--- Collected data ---
────────────────

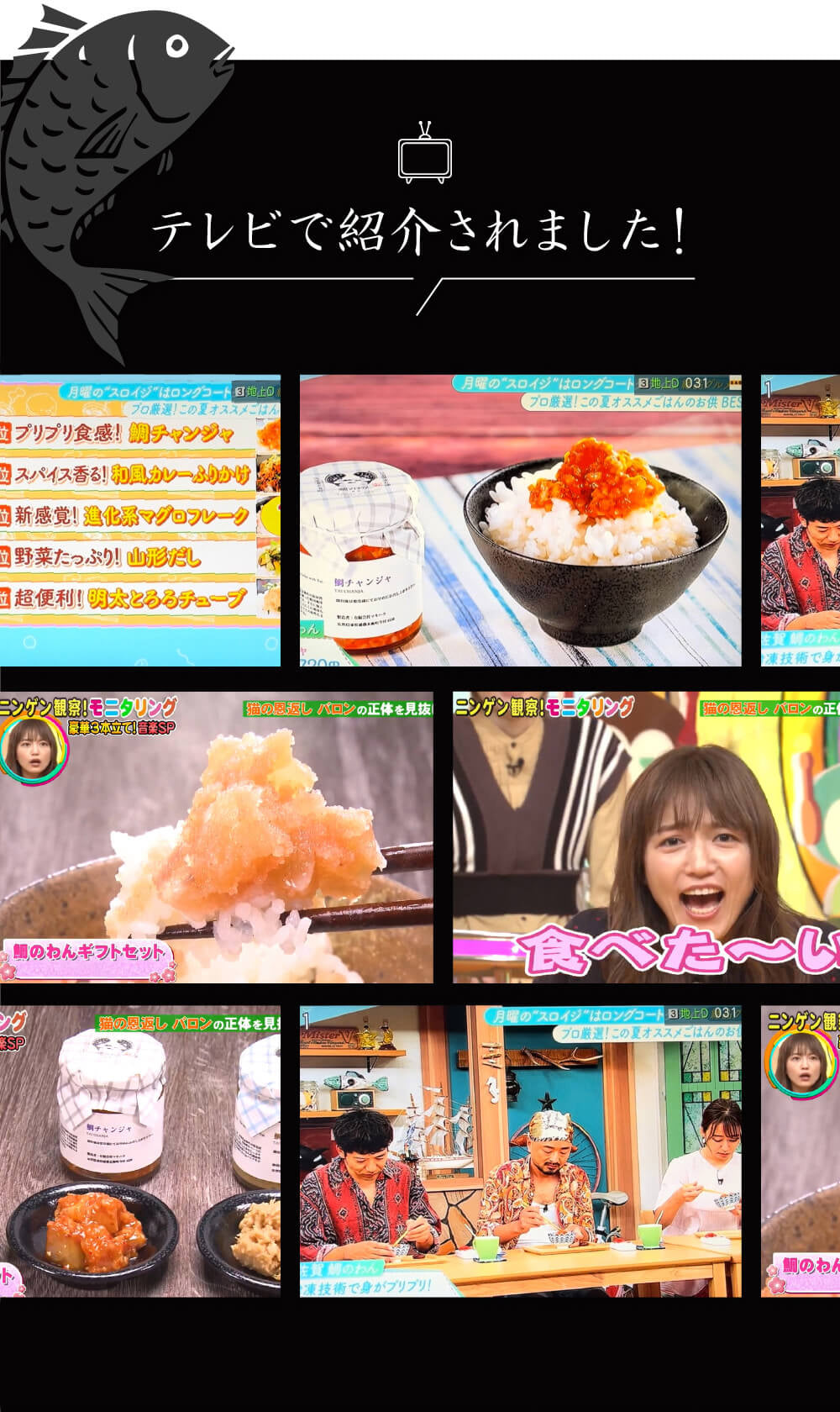 〇2023年8月に関西テレビで鯛チャンジャが紹介されました。〇「おとりよせネット」ベストお取り寄せ大賞2023で、ごはんのお供部門で銀賞の受賞を頂きました。〇おとりよせネット「お取り寄せの達人」が薦める「お取り寄せランキング2023」第1位:鯛のわん「(鯛のご飯のお供)」頂きました。〇『文藝春秋』2023年11月号(文藝春秋)に掲載されました。〇『Hanako』2023年11月号(マガジンハウス)のパン特集で、パンのお供として掲載されました。〇『最強のお取り寄せ2024』(ぴあ・12月発売)の巻頭特集「達人のおすすめ」ページに掲載されました。〇『食べログマガジン』で“〈食通のふるさと納税〉「東京最高のレストラン」編集長がリピートする「奇跡のご飯のお供 4種」”として掲載されました。〇2024年2月TBS『ニンゲン観察!モニタリング』で紹介されました。〇2024年4月テレビ東京『なないろ日和』鯛チャンジャが紹介されました。〇2024年5月日テレ『ZIPの水トあさ美と一緒にあさご飯』に鯛チャンジャが紹介されました。〇2025年8月28日にKBC九州朝日放送 「アサデス。7、九州・山口逸品ハンター」で鯛のわん出演させていただきました‼ KBC「アサデス。7」公式 Instagramでも詳細をご覧いただけます。〇2025年9月15日放送のZIP!水トあさ美と一緒にあさごはん!今度は鯛めんたいが紹介されました!!
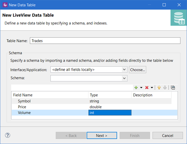 The New LiveView Data Table wizard is the first wizard you encounter when creating a new LiveView project.
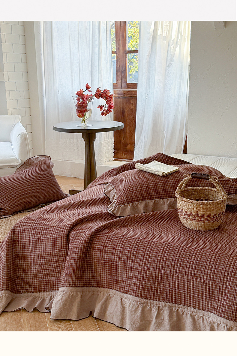 (总)欣宜家纺 2026新款全棉色织水洗棉床盖三件套,奥利奥格,海盐细格,焦糖拿铁,墨禾绿格,南法棕格,雾蓝格,新年红格,英伦格纹,芝士奶格,组合图仅供展示-不可下单
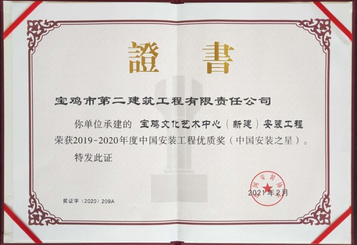 4月22日,中國安裝協(xié)會第七屆二次理事(擴(kuò)大)會議暨工程創(chuàng)優(yōu)經(jīng)驗(yàn)交流會在濟(jì)南召開。會議對2019-2020年度中國安裝工程優(yōu)質(zhì)獎(jiǎng)(中國安裝之星)獲獎(jiǎng)企業(yè)及個(gè)人進(jìn)行了表彰,由寶雞二建承建的寶雞文化藝術(shù)中心項(xiàng)目安裝工程獲此殊榮。
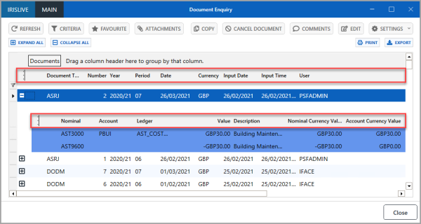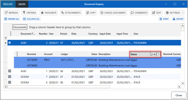 An enquiry is used to view documents that have been added to IRIS Financials to record your establishment/organisation's transactions. From any of the enquiry windows you can customise the enquiry display, for example, adjust the column widths or add and remove columns to only view the information you need. You can also use enquiries to export data in a report form. For more information, please see Exporting Data to Excel.
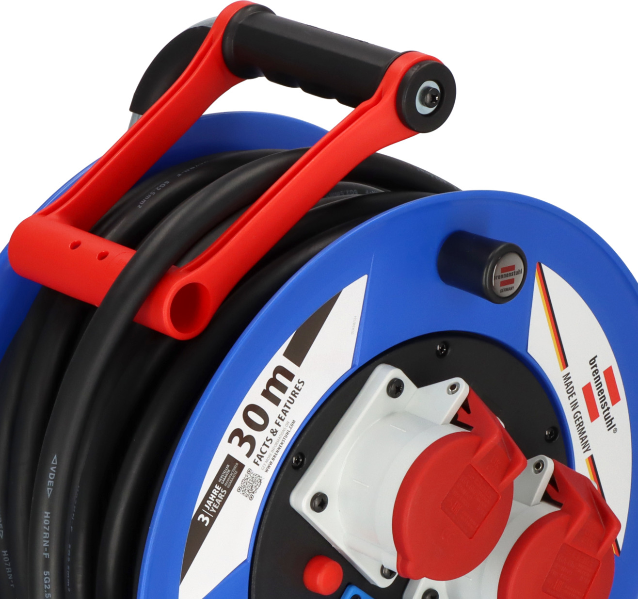 Garant CEE IP44 Industrie-/Baustellen-Kabeltrommel (30m Kabel in schwarz, Spezialkunststoff, Baustelleneinsatz und ständiger Einsatz im Außenbereich, Made in Germany)
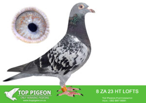 .LOT 5 HANNES TALJAARD – ZA 23 HT LOFTS 8 -SIRE:24038 ZA 10, is bred from a powerhouse combination of proven Twilight–Turbo Tom bloodlines, combining both speed and endurance. His lineage is built around top-performing genetics such as 2926 SA 05 (“Money Maker”), a pigeon renowned for exceptional union performances and consistency over distance, and 058 SA 05 PWF (“Twilight Pearl”), a foundation hen responsible for producing multiple winners and top middle-distance performers. This line is heavily reinforced by elite producers like 7232 SA 00 GRPA (“Bakkie Winner”) and 7253 SA 00 GRPA, both known for producing union winners and SANPO medal achievers. The inclusion of 8792 SA 03 PSPU and 5919 SA 03 PSPU further strengthens the pedigree with proven middle-distance excellence and championship breeding value. Overall, the sire represents a balanced genetic package of speed, durability, and elite breeding consistency, making him a strong contributor to winning families.—————-DAM:4791 ZA 15 NWPK/K, is a direct descendant of the legendary “Golden TT” line, one of the most successful families in South African pigeon racing. She is described as a full sister to “Golden TT”, a hen that has produced multiple winners and gold medal achievers across the country. Her pedigree mirrors the same elite foundation as the sire, incorporating 2926 SA 05 (“Money Maker”) and 058 SA 05 PWF (“Twilight Pearl”), ensuring a deep concentration of Twilight–Turbo Tom genetics known for producing high-performance racing pigeons. The dam’s side is further strengthened by repeated appearances of top breeders such as 7232 SA 00 GRPA, 7253 SA 00 GRPA, and 8792 SA 03 PSPU, all contributing to a lineage rich in SANPO performers, union winners, and proven stock birds. She represents a true breeding hen with elite genetic depth, capable of consistently producing top-class racers and future breeders..SEE PEDIGREE!!!!

────────────────

Restate the records above in full, word for word. Keep pictures out.

--- Response for this exercise ---
 〇2023年8月に関西テレビで鯛チャンジャが紹介されました。〇「おとりよせネット」ベストお取り寄せ大賞2023で、ごはんのお供部門で銀賞の受賞を頂きました。〇おとりよせネット「お取り寄せの達人」が薦める「お取り寄せランキング2023」第1位:鯛のわん「(鯛のご飯のお供)」頂きました。〇『文藝春秋』2023年11月号(文藝春秋)に掲載されました。〇『Hanako』2023年11月号(マガジンハウス)のパン特集で、パンのお供として掲載されました。〇『最強のお取り寄せ2024』(ぴあ・12月発売)の巻頭特集「達人のおすすめ」ページに掲載されました。〇『食べログマガジン』で“〈食通のふるさと納税〉「東京最高のレストラン」編集長がリピートする「奇跡のご飯のお供 4種」”として掲載されました。〇2024年2月TBS『ニンゲン観察!モニタリング』で紹介されました。〇2024年4月テレビ東京『なないろ日和』鯛チャンジャが紹介されました。〇2024年5月日テレ『ZIPの水トあさ美と一緒にあさご飯』に鯛チャンジャが紹介されました。〇2025年8月28日にKBC九州朝日放送 「アサデス。7、九州・山口逸品ハンター」で鯛のわん出演させていただきました‼ KBC「アサデス。7」公式 Instagramでも詳細をご覧いただけます。〇2025年9月15日放送のZIP!水トあさ美と一緒にあさごはん!今度は鯛めんたいが紹介されました!!
 The New LiveView Data Table wizard is the first wizard you encounter when creating a new LiveView project.
 (总)欣宜家纺 2026新款全棉色织水洗棉床盖三件套,奥利奥格,海盐细格,焦糖拿铁,墨禾绿格,南法棕格,雾蓝格,新年红格,英伦格纹,芝士奶格,组合图仅供展示-不可下单
 4月22日,中國安裝協(xié)會第七屆二次理事(擴(kuò)大)會議暨工程創(chuàng)優(yōu)經(jīng)驗(yàn)交流會在濟(jì)南召開。會議對2019-2020年度中國安裝工程優(yōu)質(zhì)獎(jiǎng)(中國安裝之星)獲獎(jiǎng)企業(yè)及個(gè)人進(jìn)行了表彰,由寶雞二建承建的寶雞文化藝術(shù)中心項(xiàng)目安裝工程獲此殊榮。
 An enquiry is used to view documents that have been added to IRIS Financials to record your establishment/organisation's transactions. From any of the enquiry windows you can customise the enquiry display, for example, adjust the column widths or add and remove columns to only view the information you need. You can also use enquiries to export data in a report form. For more information, please see Exporting Data to Excel.
 Garant CEE IP44 Industrie-/Baustellen-Kabeltrommel (30m Kabel in schwarz, Spezialkunststoff, Baustelleneinsatz und ständiger Einsatz im Außenbereich, Made in Germany)
 .LOT 5 HANNES TALJAARD – ZA 23 HT LOFTS 8 -SIRE:24038 ZA 10, is bred from a powerhouse combination of proven Twilight–Turbo Tom bloodlines, combining both speed and endurance. His lineage is built around top-performing genetics such as 2926 SA 05 (“Money Maker”), a pigeon renowned for exceptional union performances and consistency over distance, and 058 SA 05 PWF (“Twilight Pearl”), a foundation hen responsible for producing multiple winners and top middle-distance performers. This line is heavily reinforced by elite producers like 7232 SA 00 GRPA (“Bakkie Winner”) and 7253 SA 00 GRPA, both known for producing union winners and SANPO medal achievers. The inclusion of 8792 SA 03 PSPU and 5919 SA 03 PSPU further strengthens the pedigree with proven middle-distance excellence and championship breeding value. Overall, the sire represents a balanced genetic package of speed, durability, and elite breeding consistency, making him a strong contributor to winning families.—————-DAM:4791 ZA 15 NWPK/K, is a direct descendant of the legendary “Golden TT” line, one of the most successful families in South African pigeon racing. She is described as a full sister to “Golden TT”, a hen that has produced multiple winners and gold medal achievers across the country. Her pedigree mirrors the same elite foundation as the sire, incorporating 2926 SA 05 (“Money Maker”) and 058 SA 05 PWF (“Twilight Pearl”), ensuring a deep concentration of Twilight–Turbo Tom genetics known for producing high-performance racing pigeons. The dam’s side is further strengthened by repeated appearances of top breeders such as 7232 SA 00 GRPA, 7253 SA 00 GRPA, and 8792 SA 03 PSPU, all contributing to a lineage rich in SANPO performers, union winners, and proven stock birds. She represents a true breeding hen with elite genetic depth, capable of consistently producing top-class racers and future breeders..SEE PEDIGREE!!!!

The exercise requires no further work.